§ EXERCISE REQUIREMENTS: In the entries below, find the line with "橙ペットの強化に必要な不死の" and the line with "7月7日下午開啟7孔泄洪的新". Reproduce those two lines and every line between them exactly, and nothing more.

§ GIVEN DATA:
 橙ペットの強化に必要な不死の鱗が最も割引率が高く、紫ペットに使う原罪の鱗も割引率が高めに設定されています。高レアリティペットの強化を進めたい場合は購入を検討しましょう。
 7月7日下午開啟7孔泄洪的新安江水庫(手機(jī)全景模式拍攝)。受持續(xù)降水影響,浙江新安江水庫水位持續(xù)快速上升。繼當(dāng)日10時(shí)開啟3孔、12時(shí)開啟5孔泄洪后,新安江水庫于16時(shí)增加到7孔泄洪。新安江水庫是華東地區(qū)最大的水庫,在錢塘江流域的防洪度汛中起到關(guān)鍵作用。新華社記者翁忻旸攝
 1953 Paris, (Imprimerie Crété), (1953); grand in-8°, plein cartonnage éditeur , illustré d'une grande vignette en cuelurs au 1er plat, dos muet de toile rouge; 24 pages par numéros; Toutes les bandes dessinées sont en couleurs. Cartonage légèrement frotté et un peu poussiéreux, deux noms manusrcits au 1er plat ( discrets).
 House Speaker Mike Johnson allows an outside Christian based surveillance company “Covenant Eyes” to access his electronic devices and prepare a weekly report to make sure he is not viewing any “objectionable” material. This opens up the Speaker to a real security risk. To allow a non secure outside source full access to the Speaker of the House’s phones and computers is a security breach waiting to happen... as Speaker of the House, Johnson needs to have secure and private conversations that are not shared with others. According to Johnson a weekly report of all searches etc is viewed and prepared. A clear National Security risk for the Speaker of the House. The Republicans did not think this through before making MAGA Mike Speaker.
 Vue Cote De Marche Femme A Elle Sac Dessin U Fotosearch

==

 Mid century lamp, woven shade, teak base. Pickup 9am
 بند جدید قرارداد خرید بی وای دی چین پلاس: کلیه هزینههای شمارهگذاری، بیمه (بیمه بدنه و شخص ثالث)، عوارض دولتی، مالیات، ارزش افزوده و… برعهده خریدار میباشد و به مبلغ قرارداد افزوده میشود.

---

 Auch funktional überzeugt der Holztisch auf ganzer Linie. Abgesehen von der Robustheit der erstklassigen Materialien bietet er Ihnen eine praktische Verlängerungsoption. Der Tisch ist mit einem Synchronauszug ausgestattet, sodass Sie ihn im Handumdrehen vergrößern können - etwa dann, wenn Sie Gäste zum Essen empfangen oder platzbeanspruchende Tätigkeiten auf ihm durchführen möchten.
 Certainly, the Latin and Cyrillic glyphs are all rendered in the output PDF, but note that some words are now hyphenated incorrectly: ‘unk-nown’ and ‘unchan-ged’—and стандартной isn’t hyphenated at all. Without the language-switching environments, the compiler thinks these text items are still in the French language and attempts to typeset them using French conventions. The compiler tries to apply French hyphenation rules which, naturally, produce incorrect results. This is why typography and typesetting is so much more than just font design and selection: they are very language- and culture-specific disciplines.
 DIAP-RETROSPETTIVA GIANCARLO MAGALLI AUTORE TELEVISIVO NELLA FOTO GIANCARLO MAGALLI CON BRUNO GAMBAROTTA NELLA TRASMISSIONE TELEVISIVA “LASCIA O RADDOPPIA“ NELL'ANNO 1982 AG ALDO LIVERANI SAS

§ EXERCISE ANSWER:
 橙ペットの強化に必要な不死の鱗が最も割引率が高く、紫ペットに使う原罪の鱗も割引率が高めに設定されています。高レアリティペットの強化を進めたい場合は購入を検討しましょう。
 7月7日下午開啟7孔泄洪的新安江水庫(手機(jī)全景模式拍攝)。受持續(xù)降水影響,浙江新安江水庫水位持續(xù)快速上升。繼當(dāng)日10時(shí)開啟3孔、12時(shí)開啟5孔泄洪后,新安江水庫于16時(shí)增加到7孔泄洪。新安江水庫是華東地區(qū)最大的水庫,在錢塘江流域的防洪度汛中起到關(guān)鍵作用。新華社記者翁忻旸攝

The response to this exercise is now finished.